Salty, buttery, and crunchy may well be America’s three favorite gustatory adjectives—and when they are used in combination to describe airy popped corn kernels, they result in nothing less than a national addiction. What would movies be without it? There is something seriously satisfying about the mouthfeel, texture, shape, and size of the savory confection, as pleasing to handle as it is to chew.

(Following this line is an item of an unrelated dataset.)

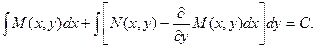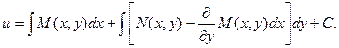 Интегрирование такого уравнения сводится к нахождению функции u, после чего решение легко находится в виде: Таким образом, для решения надо определить: 1) в каком случае левая часть уравнения представляет собой полный дифференциал функции u; 2) как найти эту функцию.
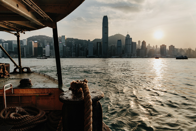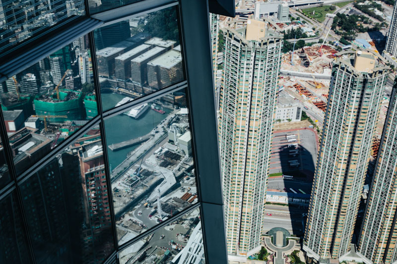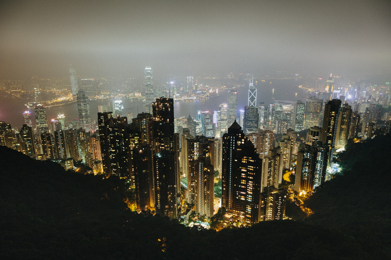 Es gibt 2 Warteschlangen. An einer Kasse kann man mit Yuan bezahlen, die andere nimmt Hongkong Dollar. Man sollte also tunlichst drauf achten daß man sich hier richtig einreiht. Bis zum frühen Nachmittag waren alle Züge ausgebucht. Also setzten wir uns in ein Cafe und bummelten die zeit mit Getränken und Internet ab. Die Fahrt dauerte ca. 2 Stunden und so kamen wir am späten Nachmittag in Hongkong an. Suchten unds eine günstige Bleibe in den Chungking Mansions und starteten anschließend zu einer kleinen Stadtrundfahrt mit Ziel am Peak.

Long before there were movie theaters dotting American strip malls, several types of corn grew in the country’s fields: sweet corn, dent corn (also called field corn), flint corn (or Indian corn), and popcorn. The last differs from its brethren in that each kernel contains a small drop of water surrounded by a hard outer surface and a hull of just the right thickness. Although some Native Americans attributed the corn’s magical popping abilities to the work of a spirit living inside its kernels, it is the crucial water content that allows popcorn to pop as cheerily as it has for over 5,600 years. Archaeologists have found evidence of ancient corn popping in the caves of New Mexico, and Native Americans not only ate the corn but also incorporated it into ceremonial rituals, like the sixteenth-century Aztec festivals in which garlands of popcorn were placed on young girls’ heads.

Corn was first popped
near
American movie theaters around 1912, when street vendors set up their carts outside to catch the hungry throngs. Soon, savvy theater owners realized they could reap additional profits by selling the snack themselves, and a winning combination was born—later to morph into the more elaborate, boxed popcorn known as Cracker Jack that was caramelized and tossed with roasted peanuts (and included a toy prize).

No one did more to modernize the popcorn concept than Orville Redenbacher, a Purdue University agricultural scientist from Brazil, Indiana, who burst onto the scene in 1965 with a variety of popping corn he cultivated and called “snowflake.” Redenbacher’s corn expanded twice as much as other popcorn kernels to produce a fluffier product, and on the advice of marketing consultants, he branded the product in his own image, using his picture and name on the label. Orville Redenbacher’s Gourmet Popping Corn was introduced in Chicago at Marshall Field’s in 1970, and the rest is history.

Although the Redenbacher’s brand is strongly associated with microwaveable popcorn, before he died in 1995 Redenbacher himself insisted that the method of choice for popping corn was the old-fashioned one: in a kettle, with hot oil.